Work to complete = Pictures stay out of the output. Return exactly the lines below from the one with "River Charcuterie Board" down to the one with "调研数据显示,2014年园区", both included, and nothing more.

Source data =
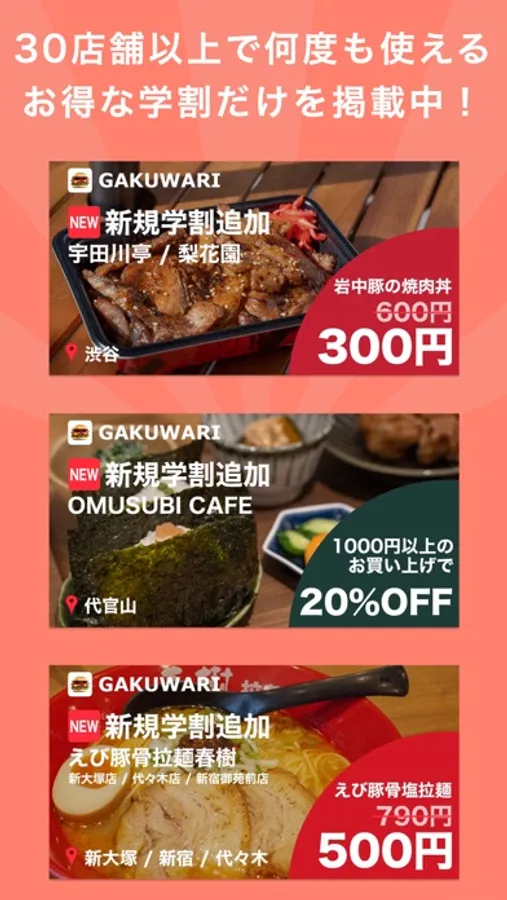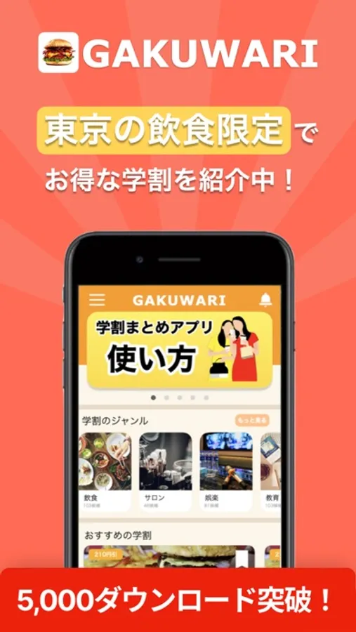 【学生必見!】飲食やファッション、カラオケなどのお得な、学割をまとめたアプリ「GAKUWARI」!
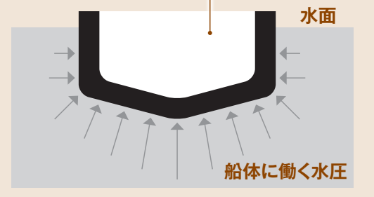船を押し上げる浮力は、物体が押しのけた水の重さと同じ大きさになります。水面下の船体が大きいほど押しのける水が増え、その分だけ浮力も大きくなるのです。重い船体が浮いていられるのは、この浮力と自重(重力)がつり合うよう形状が工夫されているためといえます。
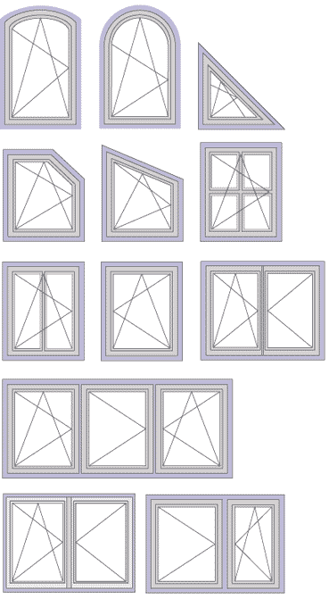 Custom architectural shapes include half rounds, extended half rounds, extended segmental, eyebrows, quarter rounds, rounds, octagons, extended octagons, ovals, elliptical, triangles, pentoids and trapezoids.
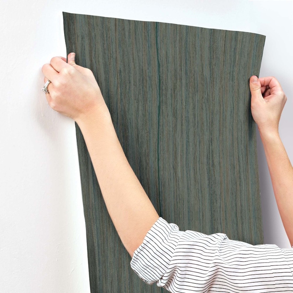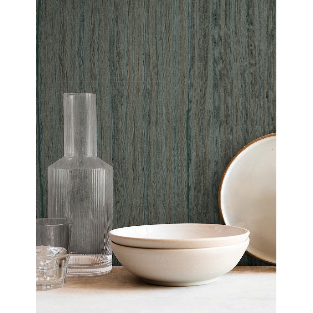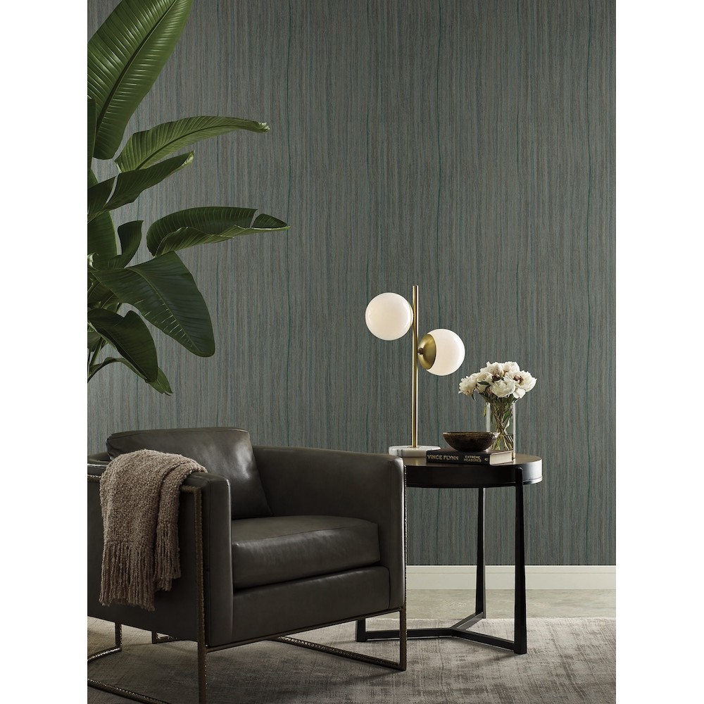Wistman Stripe's vertical lines act as a nature-inspired wood grain texture streaked with vivacious contemporary color. Featured here in graphite and teal.
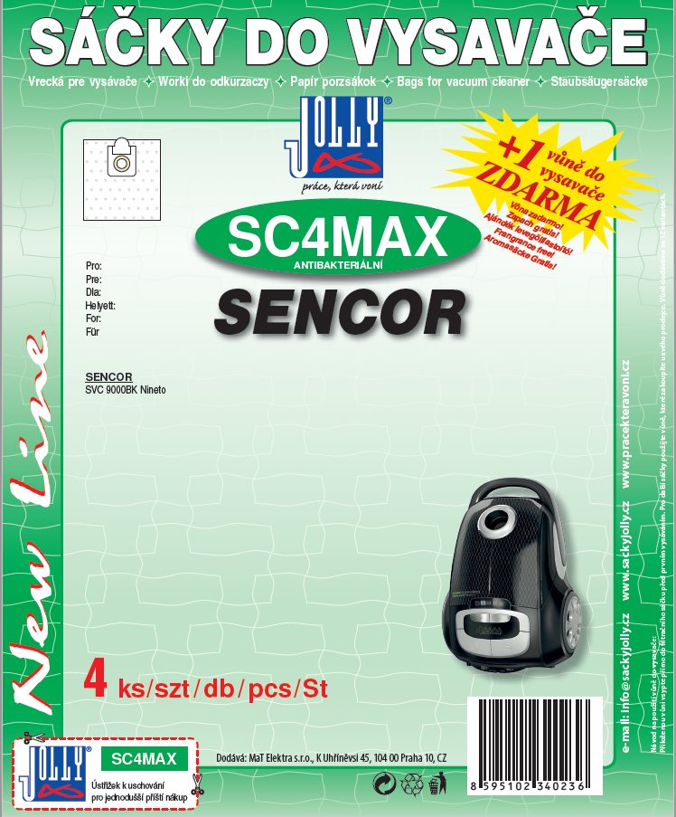 Vrecká do vysávača Jolly – textilné, jednorazové, antibakteriálne, súčasťou balenia je tiež filter a vôňa, 4 vrecká v balení Hlavné prednosti sáčkov do vysávača Vrecká do vysávača SC4 MAX – textilné Sáčky do vysávača Jolly poskytujú miesto pre špinu až do svojho úplného zaplnenia Použitie vrecka do vysávačov je jednorazové
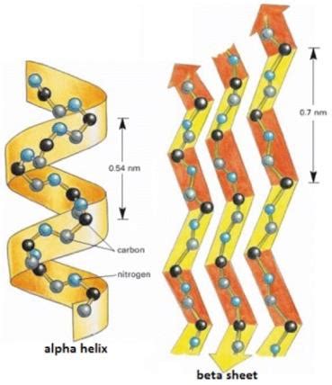 Web difference between alpha helix and beta pleated sheet shape. Oxygen atoms are colored red and nitrogen atoms colored blue. Amino acid chain is in an almost fully extended.
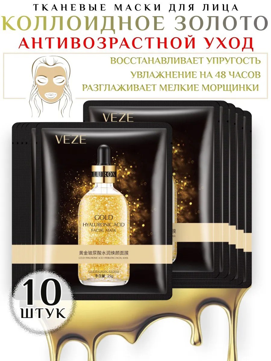 Маски для лица коллоидное золото с гиалуроновой кислотой
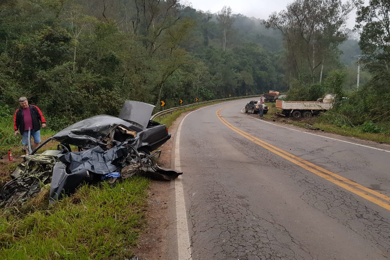Caminhão tomba na BR-386 em Paverama, após motorista possivelmente ter passado mal
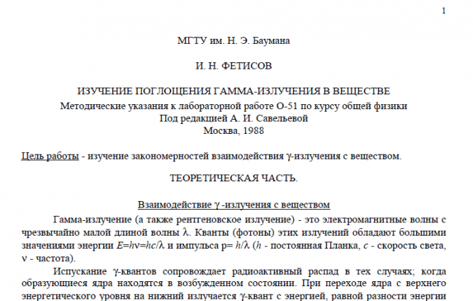 Главная » Учебные материалы » Физика » Книги » МГТУ им. Н.Э.Баумана » 4 семестр » Номер О » Вариант 51 » Изучение поглощения гамма-излучения в веществе
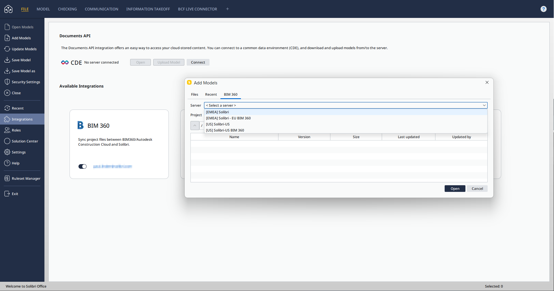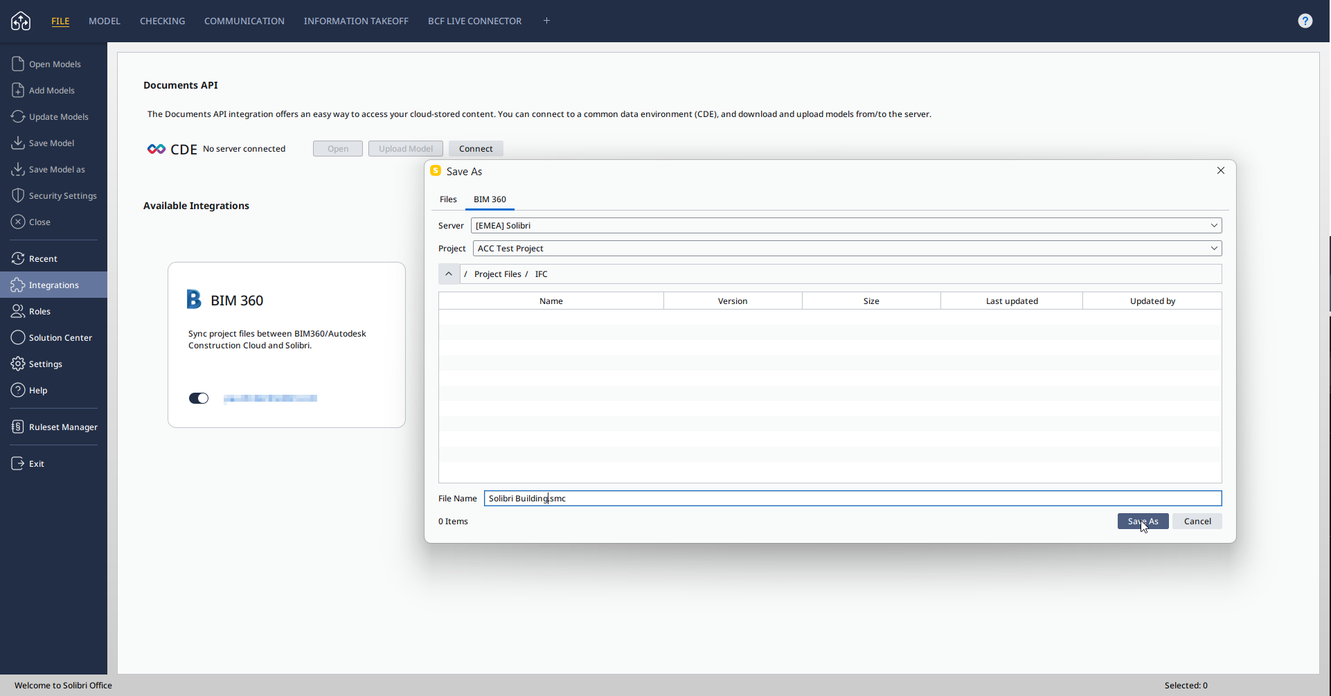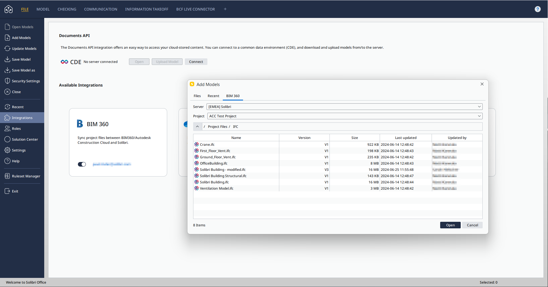In this version, users can open SMC, IFC, PDF files and other Solibri resources directly from BIM 360/ACC within Solibri. Users can also save SMC files and other Solibri resources back to the BIM 360/ACC server. Additionally, the "Update models" functionality can be used in Solibri with files that are located on the BIM 360/ACC servers.
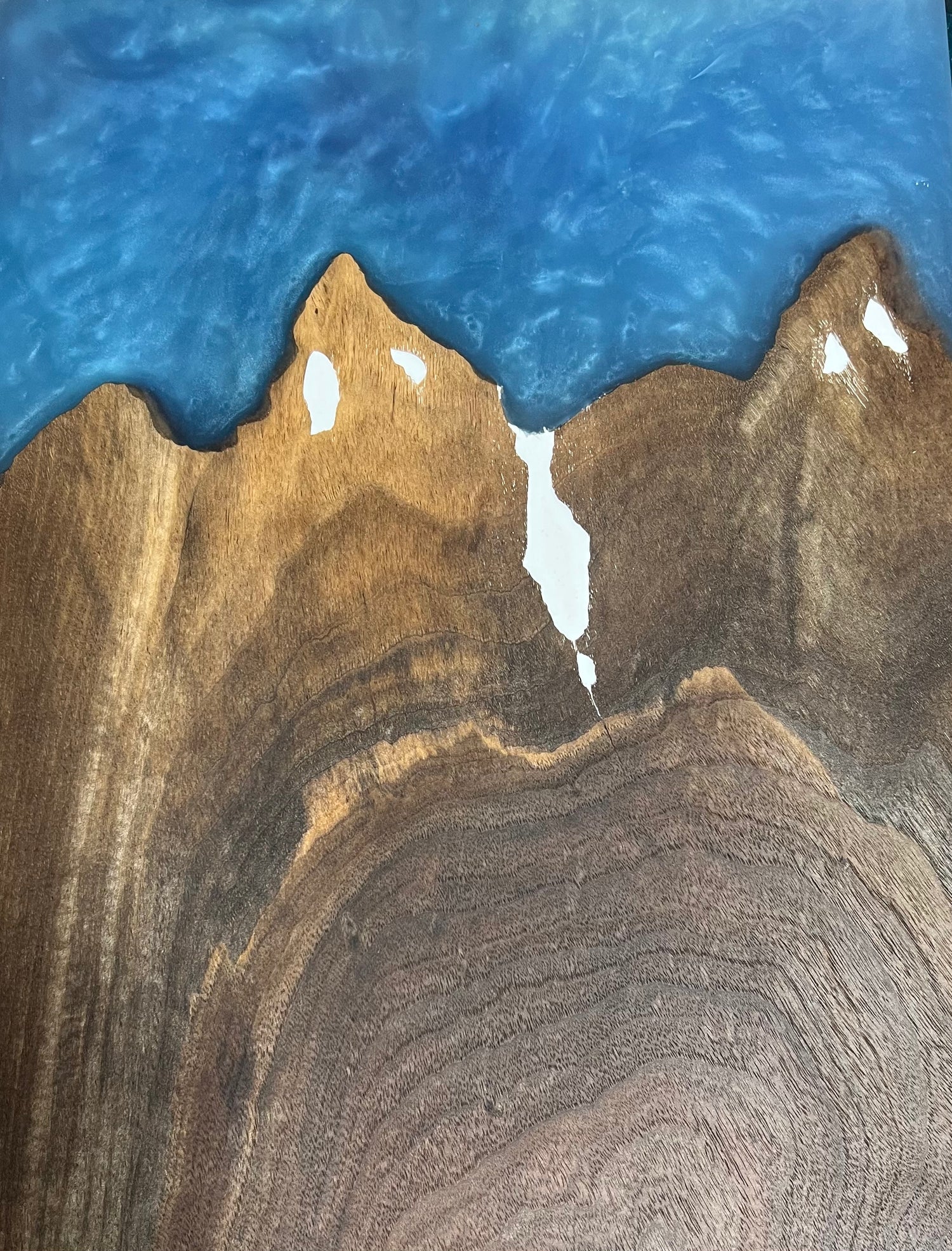 12" x 20" Maple Wood & Turquoise Epoxy Resin River Charcuterie Board
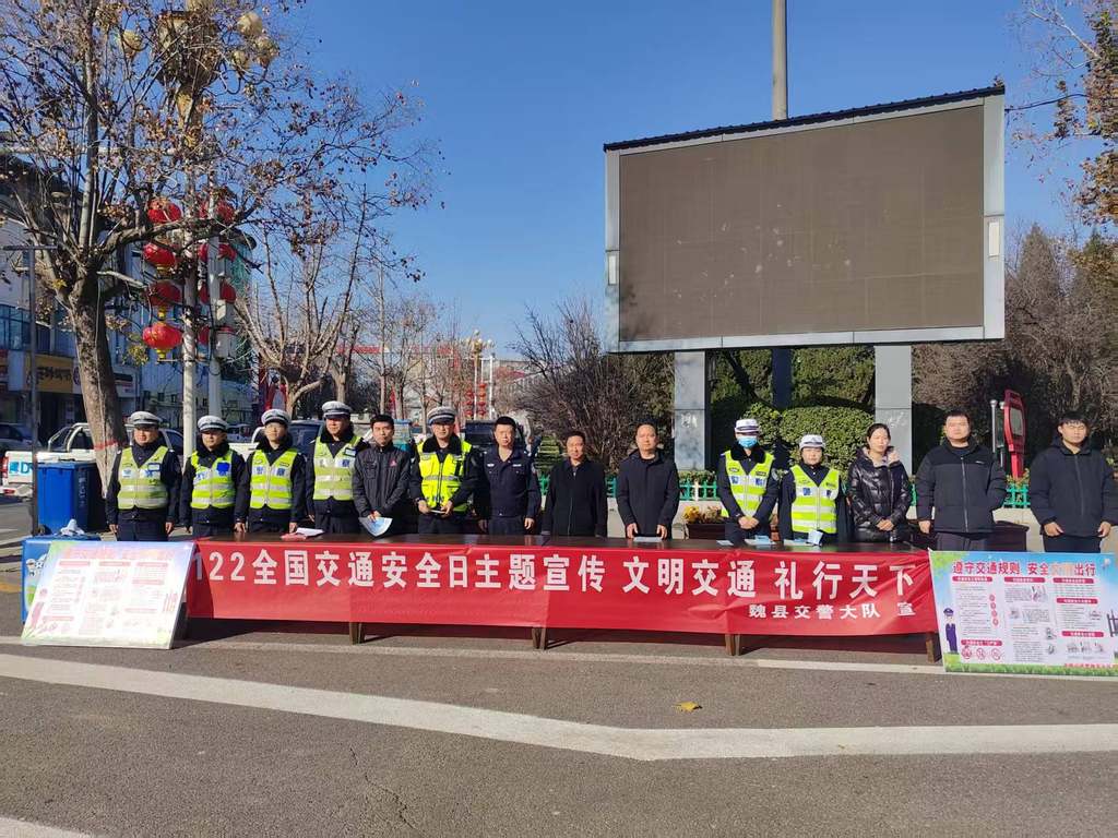 12月2日是第十四个“全国交通安全日”。为增强群众的交通安全意识,培育“人人抵制交通违法、人人践行文明交通、全社会共享文明交通”的良好风尚,2日上午,邯郸交巡警魏县大队联合县文明办、县委网信办、县教育局、县司法局、县交通运输局和县应急管理局等单位在三角公园开展“文明交通、礼行天下”主题宣传活动。
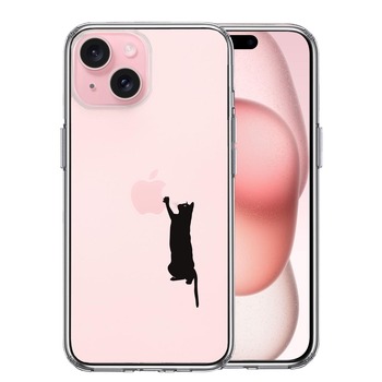 iPhone15Plus ケース クリア 猫 にゃんこ 玉遊び ブラック スマホケース 側面ソフト 背面ハード ハイブリッド
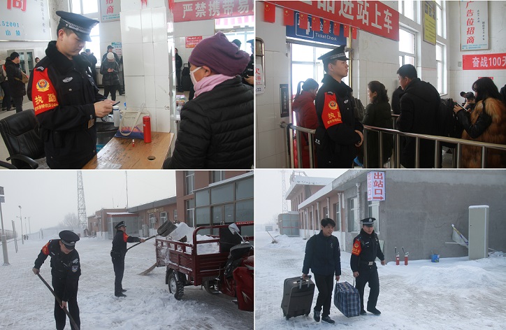 期间,一是增派警力上岗,积极配合客运部门做好乘降秩序维护工作;二是加强实名制查缉比对及三品查危工作;三是积极开展创先争优、服务旅客活动,主动帮助困难旅客提拿行李,扶老携幼,配合车站等单位清扫广场积雪;四是密切掌握沿线降雪情况,加强线路重点区段隐患排查,做好应急处突准备工作,畅通信息报送渠道。
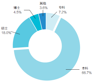 调研数据显示,2014年园区所有员工中,本科占比66.7%,硕士占比18.0%,博士占比4.5%,专科占比7.2%,其它占比3.6%,本科及以上学历员工占所有员工的89.2%。总体来看,园区目前的学历分布合理,整体素质偏向高端。
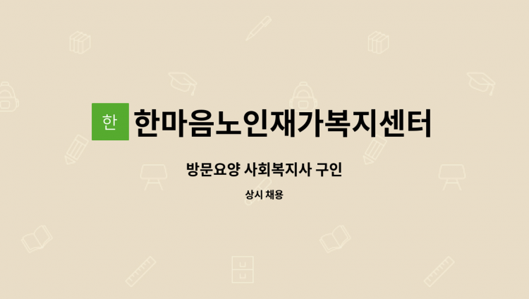 화정동 별빛마을7단지 2등급 여자어르신 재가요양 업무 / 주5일 근무 (11:00~15:00, 시간조정 가능) / 시급12,400원 / 채용담당자와 통화 후 면접 ※ 실제 서비스 제공기간에 따라 임금을 계산하여 지급하는 형태로 채용 시 근로자마다 주 소정근로시간이나 임금, 근무(예정)지 등에 차이가 있을 수 있음
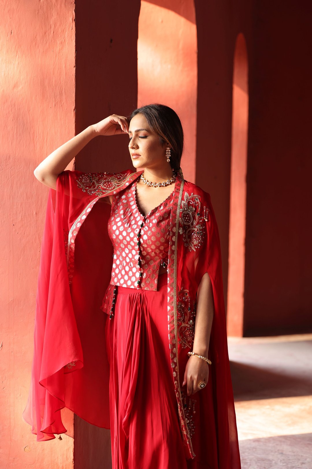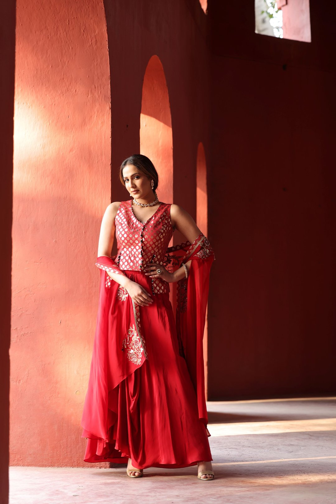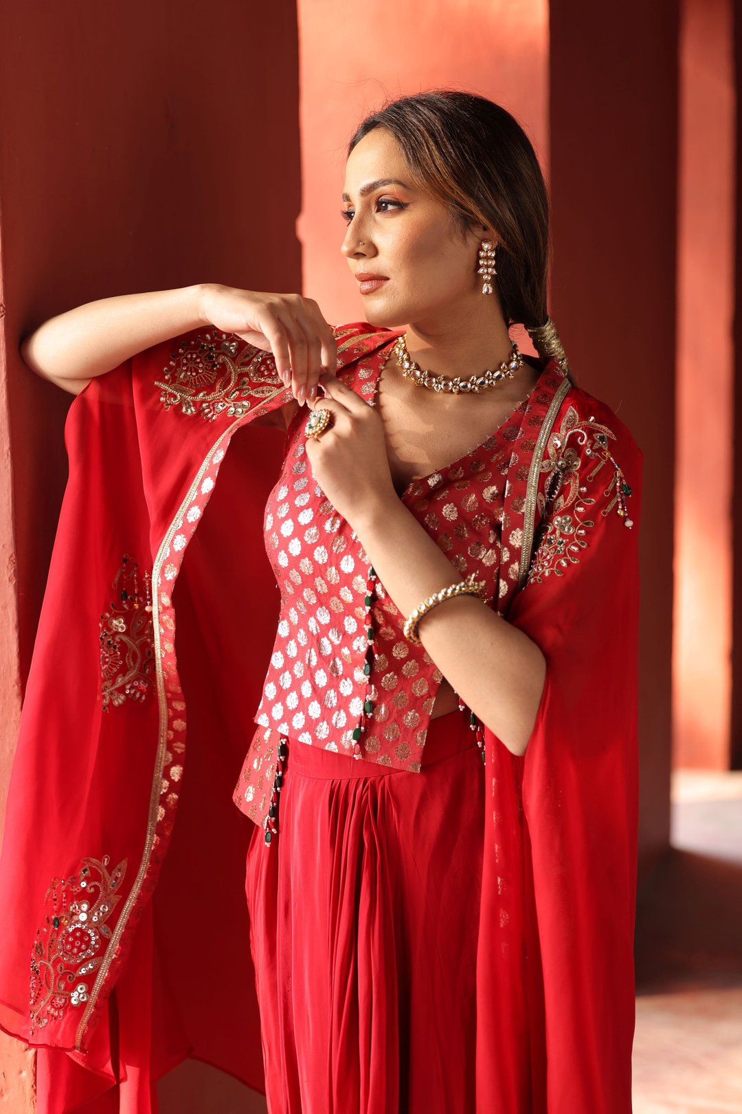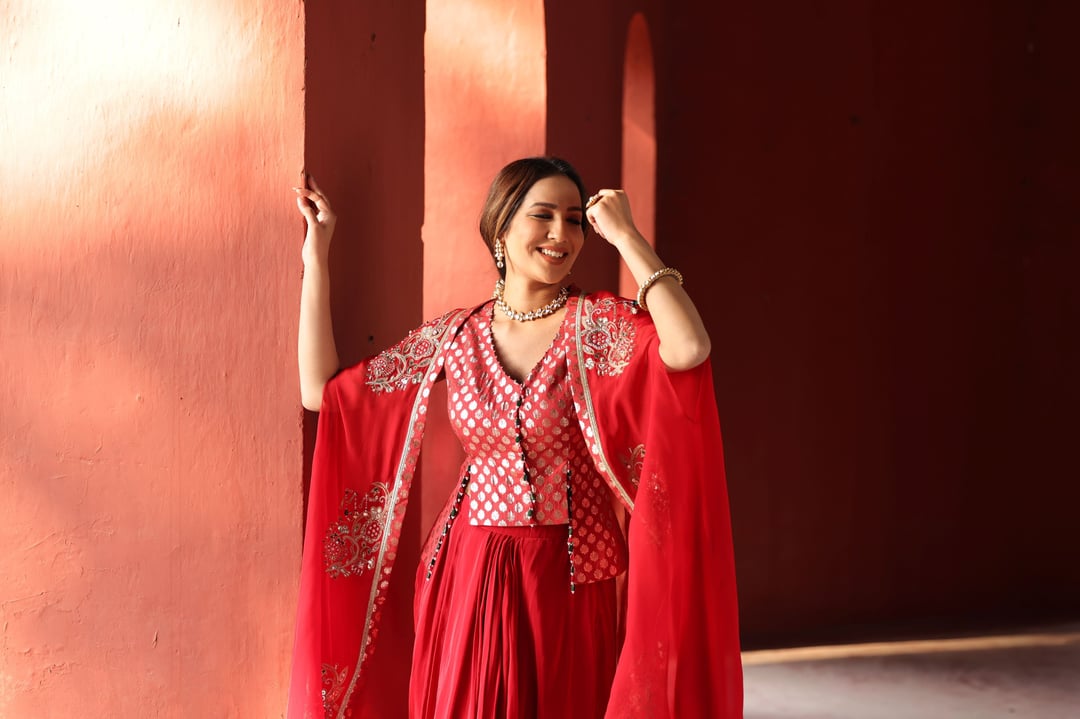 Red Chanderi Dhoti Set

Solution to this exercise =
 12" x 20" Maple Wood & Turquoise Epoxy Resin River Charcuterie Board
 12月2日是第十四个“全国交通安全日”。为增强群众的交通安全意识,培育“人人抵制交通违法、人人践行文明交通、全社会共享文明交通”的良好风尚,2日上午,邯郸交巡警魏县大队联合县文明办、县委网信办、县教育局、县司法局、县交通运输局和县应急管理局等单位在三角公园开展“文明交通、礼行天下”主题宣传活动。
 iPhone15Plus ケース クリア 猫 にゃんこ 玉遊び ブラック スマホケース 側面ソフト 背面ハード ハイブリッド
 期间,一是增派警力上岗,积极配合客运部门做好乘降秩序维护工作;二是加强实名制查缉比对及三品查危工作;三是积极开展创先争优、服务旅客活动,主动帮助困难旅客提拿行李,扶老携幼,配合车站等单位清扫广场积雪;四是密切掌握沿线降雪情况,加强线路重点区段隐患排查,做好应急处突准备工作,畅通信息报送渠道。
 调研数据显示,2014年园区所有员工中,本科占比66.7%,硕士占比18.0%,博士占比4.5%,专科占比7.2%,其它占比3.6%,本科及以上学历员工占所有员工的89.2%。总体来看,园区目前的学历分布合理,整体素质偏向高端。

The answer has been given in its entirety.